→ Activity: Retype the whole listing exactly. Leave out pictures.

→ Input data:
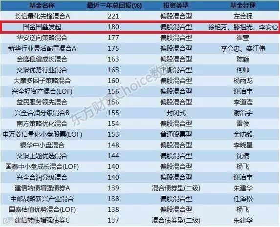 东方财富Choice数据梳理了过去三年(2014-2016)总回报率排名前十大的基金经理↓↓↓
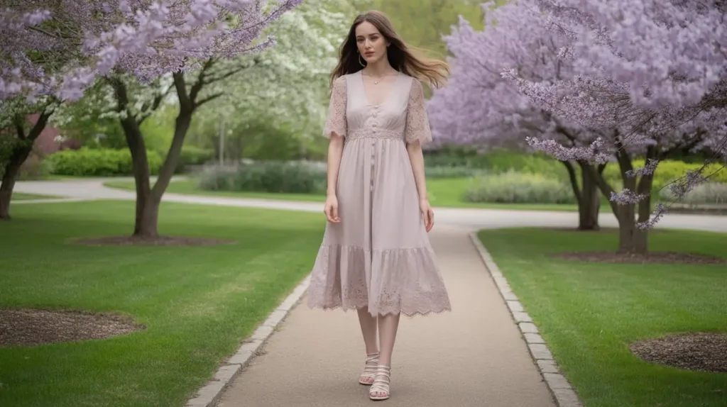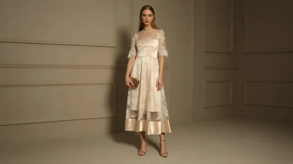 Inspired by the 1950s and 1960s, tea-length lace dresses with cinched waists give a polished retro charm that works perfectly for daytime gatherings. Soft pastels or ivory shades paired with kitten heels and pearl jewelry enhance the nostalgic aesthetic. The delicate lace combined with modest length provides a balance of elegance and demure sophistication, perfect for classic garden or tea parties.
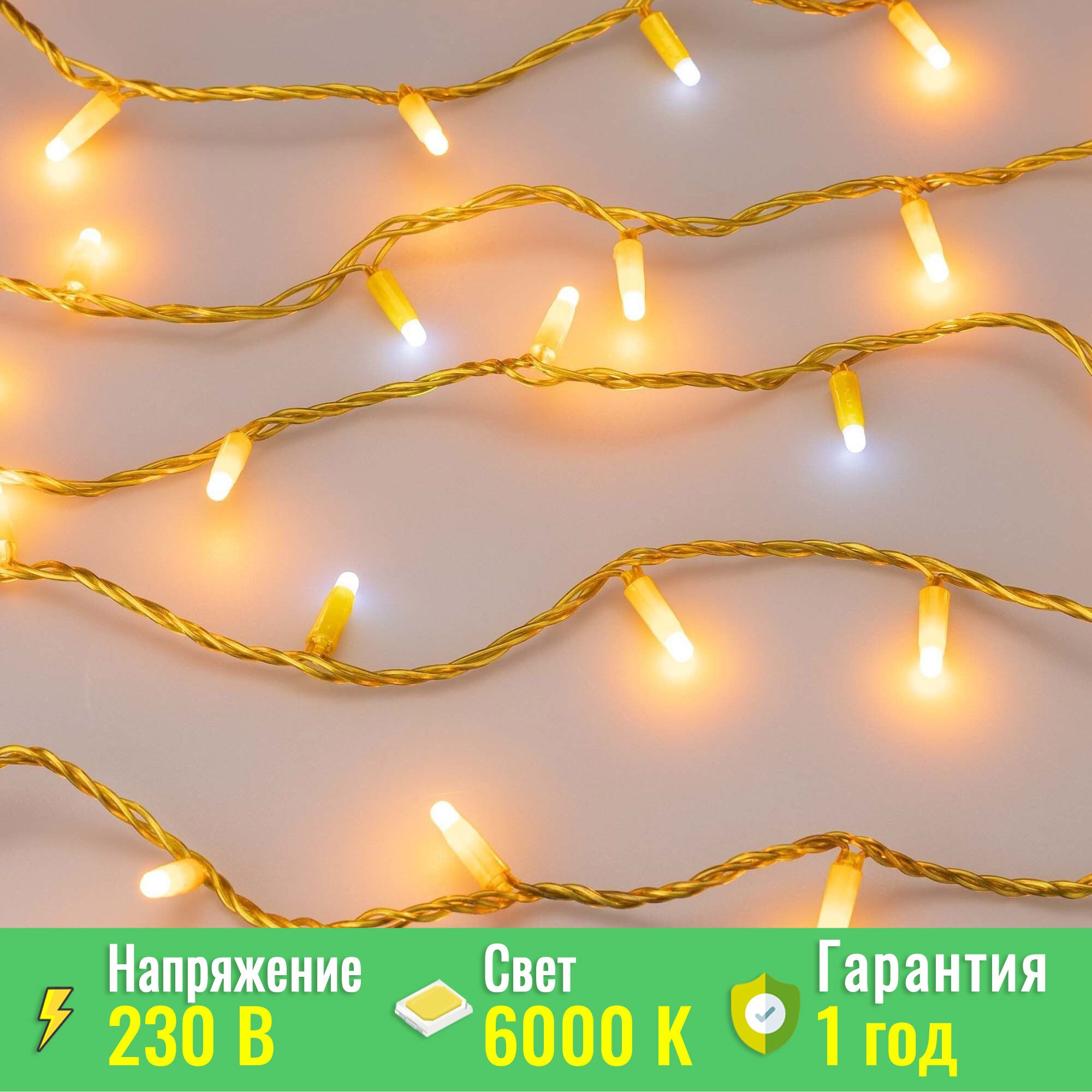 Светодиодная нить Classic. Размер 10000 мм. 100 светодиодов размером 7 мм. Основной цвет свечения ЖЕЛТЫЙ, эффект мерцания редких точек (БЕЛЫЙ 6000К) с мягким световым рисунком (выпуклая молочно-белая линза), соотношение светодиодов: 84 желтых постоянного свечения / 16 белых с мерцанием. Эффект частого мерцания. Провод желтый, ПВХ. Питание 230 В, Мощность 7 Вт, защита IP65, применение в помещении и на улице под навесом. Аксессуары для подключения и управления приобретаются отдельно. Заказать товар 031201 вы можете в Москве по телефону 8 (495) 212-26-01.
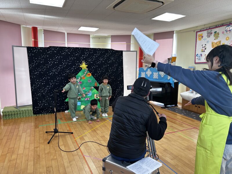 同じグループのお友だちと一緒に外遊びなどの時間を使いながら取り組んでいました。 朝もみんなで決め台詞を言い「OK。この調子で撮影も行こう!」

→ Output for this exercise:
 东方财富Choice数据梳理了过去三年(2014-2016)总回报率排名前十大的基金经理↓↓↓
 Inspired by the 1950s and 1960s, tea-length lace dresses with cinched waists give a polished retro charm that works perfectly for daytime gatherings. Soft pastels or ivory shades paired with kitten heels and pearl jewelry enhance the nostalgic aesthetic. The delicate lace combined with modest length provides a balance of elegance and demure sophistication, perfect for classic garden or tea parties.
 Светодиодная нить Classic. Размер 10000 мм. 100 светодиодов размером 7 мм. Основной цвет свечения ЖЕЛТЫЙ, эффект мерцания редких точек (БЕЛЫЙ 6000К) с мягким световым рисунком (выпуклая молочно-белая линза), соотношение светодиодов: 84 желтых постоянного свечения / 16 белых с мерцанием. Эффект частого мерцания. Провод желтый, ПВХ. Питание 230 В, Мощность 7 Вт, защита IP65, применение в помещении и на улице под навесом. Аксессуары для подключения и управления приобретаются отдельно. Заказать товар 031201 вы можете в Москве по телефону 8 (495) 212-26-01.
 同じグループのお友だちと一緒に外遊びなどの時間を使いながら取り組んでいました。 朝もみんなで決め台詞を言い「OK。この調子で撮影も行こう!」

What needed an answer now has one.